[Work to be completed]: Begin the copy at the line containing "Yerleştirme işlemi bittikten" in the data below and end it at the line containing "Also featured is", keeping each line exact and leaving out pictures.

[Materials provided]:
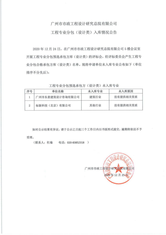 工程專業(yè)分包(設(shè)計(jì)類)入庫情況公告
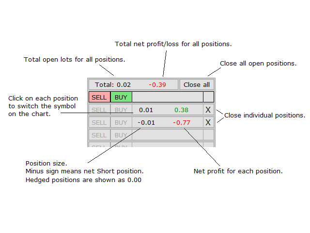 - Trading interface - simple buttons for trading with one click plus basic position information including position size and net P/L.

---

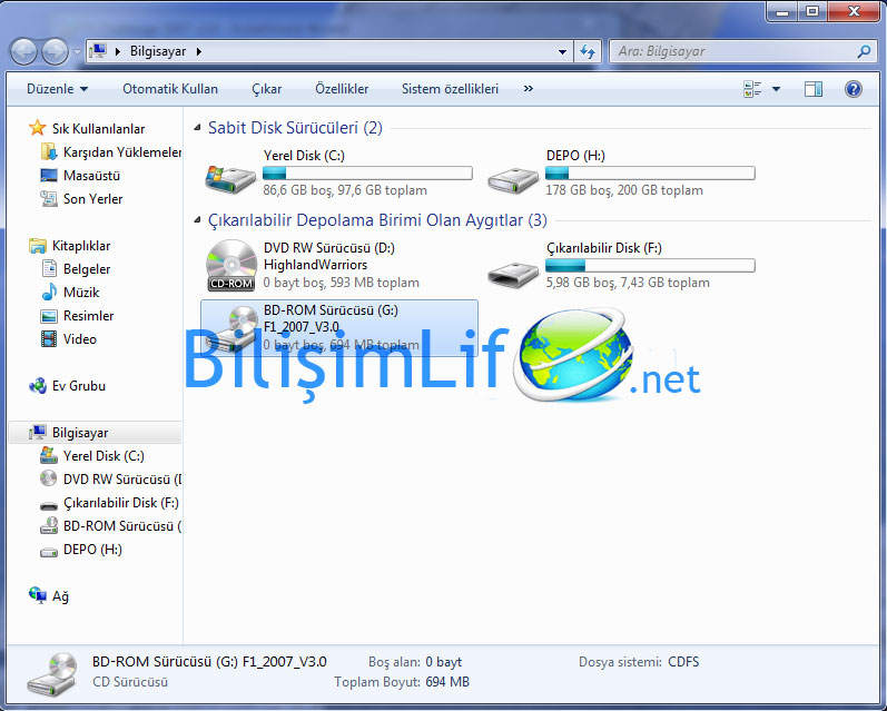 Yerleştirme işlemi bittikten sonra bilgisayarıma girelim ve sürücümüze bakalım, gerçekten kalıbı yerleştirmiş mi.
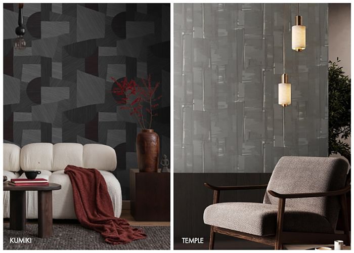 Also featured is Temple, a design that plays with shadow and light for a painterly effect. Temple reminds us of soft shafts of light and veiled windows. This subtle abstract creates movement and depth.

[Solved exercise]:
 Yerleştirme işlemi bittikten sonra bilgisayarıma girelim ve sürücümüze bakalım, gerçekten kalıbı yerleştirmiş mi.
 Also featured is Temple, a design that plays with shadow and light for a painterly effect. Temple reminds us of soft shafts of light and veiled windows. This subtle abstract creates movement and depth.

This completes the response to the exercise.